Gummischlauch im Gegenlicht

Brittens „Peter Grimes“ in der Staatsoper: Alles großartig und trotzdem kalt  ■ Von Stefan Siegert

Eine Windmaschine? Zu laut. Ein paar Wasserspritzer im Gegenlicht aus dem Gummischlauch? Zu naturalistisch. Seltsam. Alles gefiel auf den ersten Blick und schien bestens bei der Premiere von Benjamin Brittens gesellschaftskritischem See-Stück Peter Grimes am Sonntag abend, Sänger, Regie, Bühnenbild und – wieder einmal und wieder fast triumphal – die Musik und ihre Darbietung. Und dennoch. Etwas fehlte. Der Applaus vor der Pause klang eigentümlich lustlos. Das Geschehen auf der Bühne kam nicht an, erregte nicht. Weder Mitgefühl noch Parteinahme.

Brittens Oper um den Fischer Peter Grimes aus Aldebourgh an der Ostküste Englands aber ist angelegt auf Mitgefühl für den Außenseiter in einer Gemeinschaft, die nur in ihren Einzelwesen hier und da menschliche Züge trägt, in ihrer Ganzheit aber mörderisch intolerant ist. Und auf Parteinahme für einen Täter – Peter Grimes ist im Zuge des harten Tagwerks auf See schuldig geworden am Tod dreier seiner Fischerjungen –, der sich im Verlauf der Handlung auch als Opfer erweist.
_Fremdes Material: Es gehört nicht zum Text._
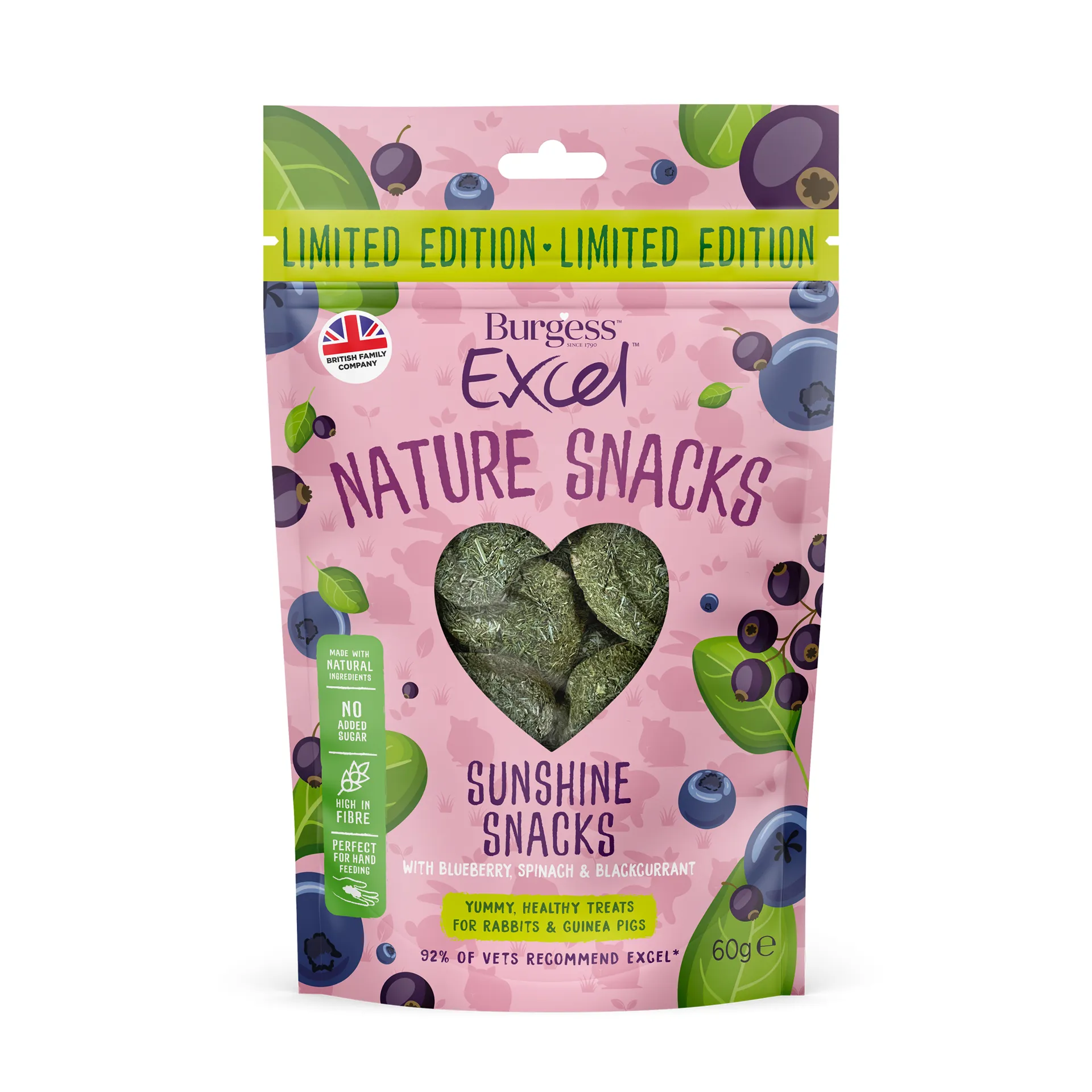 Burgess Excel Nature Snacks Sunshine Small Animal Treats. Baked with love, our Excel Sunshine Snacks are irresistible to rabbits and guinea pigs and are naturally healthy too. Made with a seasonal forage blend of blueberry and spinach, Burgess Excel Sunshine Snacks are a complementary feed for rabbits and guinea pigs.
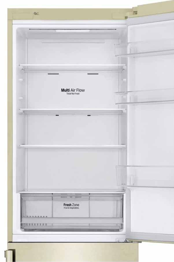 Специальная зона свежести предназначена для правильного и более длительного хранения овощей, фруктов, зелени. В ней поддерживается околонулевая температура, поэтому продукты не перемораживаются и не пересыхают. Система охлаждения этого холодильника — Multi-Airflow-System.
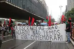 Os militantes do atual movimento negro no Brasil evocam um outro 13 de maio, que vê a abolição, em 13 de maio de 1888, como sendo um golpe branco visando a frear o avanço da população negra, que era, na época, um minoria oprimida.

Opfer einer Gesellschaft, die gnadenlos, mit großer Härte und um den Preis individuellen Glücks auf Reichtum = Ansehen = Geborgenheit dringt. Was Grimes als Kind und Erwachsener erlitt, hat er detailliert weitergegeben an die ihm anbefohlenen Kinder. Er hat so nicht allein sie auf dem Gewissen. Auch sich selbst.

See und Sturm sind allgegenwärtig in diesem Stück. In ihnen prägen sich existentielle, nicht nur naturhafte, sondern auch soziale Bedrohung und Angst der Menschen aus. Grimes setzt ihnen allein seinen Trotz und seine Isolation entgegen; er schlägt die mütterlich anschmiegsame Liebe Ellen Orfords unter Hinweis aufs protestantische Leistungsethos aus und fällt diesem damit einmal mehr zum Opfer.

Im Orchester, von Ingo Metzmacher sorgfältig und impulsiv geleitet, waren die Meereselemente und mit ihnen die Spannung einer zwischen Sehnsucht und Gewalt schwankenden Handlung durchgängig wirksam. Brittens an Purcell, Wagner und Alban Berg geschulte und zu Eigenem gereifte Musik wirkte – vor allem in den köstlich-kostbaren Zwischenspielen – hochdramatisch, mehr kammermusikalisch als spätromantisch füllig und zugleich sensibel abgestimmt auf die Sänger, denen sie, wenn nötig, ganze schöne Arien und Duette lang den Vortritt ließ.

Aber Spannung oder gar Sturm außerhalb der Musik? Wohl erfüllte der Chor (Einstudierung: Jürgen Schulz), sang-lich wie choreographisch eine der Hauptrollen, seine Aufgabe faszinierend lebendig. Wohl war Neil Shicoff stimmlich wie darstellerisch ein wirklich anrührender Titelheld, Adrianne Pieczonka als dessen verhinderte Zukünftige beeindruckend mensch-lich, wohl wirkten Bühnenbild und Kostüme in sinistren Blau-, Grau- und Schwarztönen poetisch eintönig, und der geschickte Einsatz von grellem Seiten- und Gegenlicht durchweg ansehnlich. Nur Atmosphäre entstand unter der Regie von Sabine Hartmannheim nicht. Und das war's, was fehlte. Schade. Sie wäre so nötig gewesen in einer Oper, die dem Meer verschrieben ist, dem Sturm und mithin dem Leben.